YG: Your objects are quite fantastical – like the Kangol cap with the little maggots and the barbecue decorated with the seashells.

Bedwyr Williams. 'No Worries'. Fishing flies, Angora wool, Burlap head, 2012. Courtesy Ceri Hand.

BW: The cap – I’m in my 30’s and a lot of men in their 30’s go to hobbies to try and solve the ennui of their lives. If you’ve got kids then you can talk about horse racing, or you can get into football or fishing or shooting or something. For me, that’s just a later stage subculture. You know like when you’re young, you have lads dress in certain ways. Then as they get older they just change what they’re into. So it might be football hooligans, then it’s golf, then fishing or something. So the hat – a Kangol hat is a typical fashion icon, and fishermen put hooks on their hats. It’s like a code – a coded way of dress. It’s British eccentricity. If you went to a fishing club as a beginner they’d be fairly friendly but they’d try to keep you out.

Bedwyr Williams. 'Strafed'. Drilled plastic chairs and table, lights, 2012. Courtesy Ceri Hand.

YG: You’re interested in what makes one an insider or an outsider. Your work also talks a bit about power relationships.

BW: Yeah. I’m really interested in things like documentaries about prisons and gangs and different codes. Not because of the violence aspect but just the coded dress thing.

YG: Tell me about the sound work. We hear you repeat the word ‘artist’. Your work seems to be very self-reflexive. You think a lot about what you’re doing as an artist.

BW:  A comedian asked me:  ‘Do you tell people you’re an artist? How do you feel when you tell people that you’re an artist’? I said (because I live in North Wales) ‘I feel a bit embarrassed’. The sound work is me saying ‘Artist’ but in a slightly poncy way – ‘Artist’.  An English person has a sibilant way of saying consonants, whereas a Welsh person says it differently. It is ridiculous. If somebody who has no interest in your work asks you what you do – like some guy in a pub who’s a bit hostile – and you tell him you’re an artist it sounds pretentious.

Bedwyr Williams. 'The Burn'. Shell encrusted metal BBQ, 2012. Courtesy of Ceri Hand.

YG: When you’re performing do you think a lot about your delivery – the way you stand up in front of an audience and read. Do you practice that delivery?
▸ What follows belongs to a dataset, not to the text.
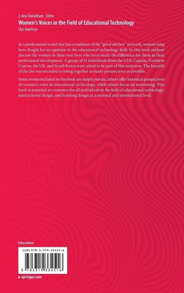 Ana's Voice: It's All About the Journey.- Kay's Voice: Never in My Wildest Dreams.- Sharon and Mary's Voices: Sisterhood - The Journey.- Tonia's Voice: From the Dirt Roads to the Ivory Tower.- Marcy's Voice: The Road Less Traveled.- Linda's Voice: Life Events Don't Define You - You Do!.- Elizabeth's Voice: Those Who Came Before Us - Jane Wheeler Boling.- Ali's Voice: Pathways toward Balance.- Ellen's Voice: The Long and Winding Road to Educational Communications and Technology Enlightenment.- Rhonda's Voice: And Gladly Would She Learn, and Gladly Teach.- Gráinne's Voice: The Journey from Chemistry to E-learning.- Pat's Voice: A Journey towards Wisdom.- Insung's Voice: Great People, Boundless Opportunities, and Meaningful Changes.- Monica's Voice: Developing Designer Professional Identity.- Angela's Voice: Cherish the Support, Nurture the Relationships,- Eugene's Voice: Women leaders Guiding my Ethics of Caring.- Gayle's Voice: My Journey of How I Got to Now.- Will's Voice: The AcademicRoad - Thorns and Roses.- Joi's Voice: The Lights Along my Path.- Amy's Voice: Becoming Fully Human in our Professional Roles.- Krista's Voice: The Transformative Influence of Negative and Positive Experiences.- Paralleling Women as President of AECT with Changes in U.S. Laws and Social Norms.- Early Women Involved in Educational Technology: Vignettes.- Technology and Generational Learners: From Baby Boomers to Next Generators, to Millennials, to Netters, to Guess What is Coming!.- (Ward's) Ten Principles of Effective Mentoring.- Investing in our Future: the Role of Intentional Mentorship.- Mentoring and the Role of Women in Instructional Design and Technology.- Being Role Models in Leadership in the Field of Educational Technology.

BW: I worked in galleries when I was younger and I used to watch curators give speeches. People hate it, and can’t wait for it to be over. I’m quite interested in those pauses between saying something really boring, and saying something less boring, and saying something funny. Being able to speak to audiences is considered a real skill, and I like doing it. I like making PowerPoint presentations and stuff.

YG: Do you do that as performance?

BW: I like that, and how you can control your PowerPoint from your phone. That seems to be, at the moment, what a presentation means. It’s a way of presenting ideas that most people will come across in their work as well. It seems a good way to perform.

Bedwyr Williams. 'OO/HO'. Model lamp post MDF, acrylic, 2012. Courtesy Ceri Hand.

YG: And what about humour and different types of humour in your work?

BW: I think I’m a fairly funny person. I really hate being in exhibitions that are about humourless art. In my work ‘the funny’ is the style.

YG: Are there different kinds of humour you play with?

BW: The art world is quite serious.  There’s a lot you can do with that audience.  If I’m in a gallery I look at the man in the room or the woman who looks like they’re going to hate me most and I try to make them laugh. Sometimes it works and sometimes it doesn’t.

Bedwyr Williams. 'Dear Both' HD video, 5'48 secs, 2012. Courtesy Ceri Hand.

Bedwyr Williams, in a project jointly curated by Mostyn and Oriel Davies and supported by the Arts Council of Wales, will represent Wales at the 55th Venice Biennale, 2013.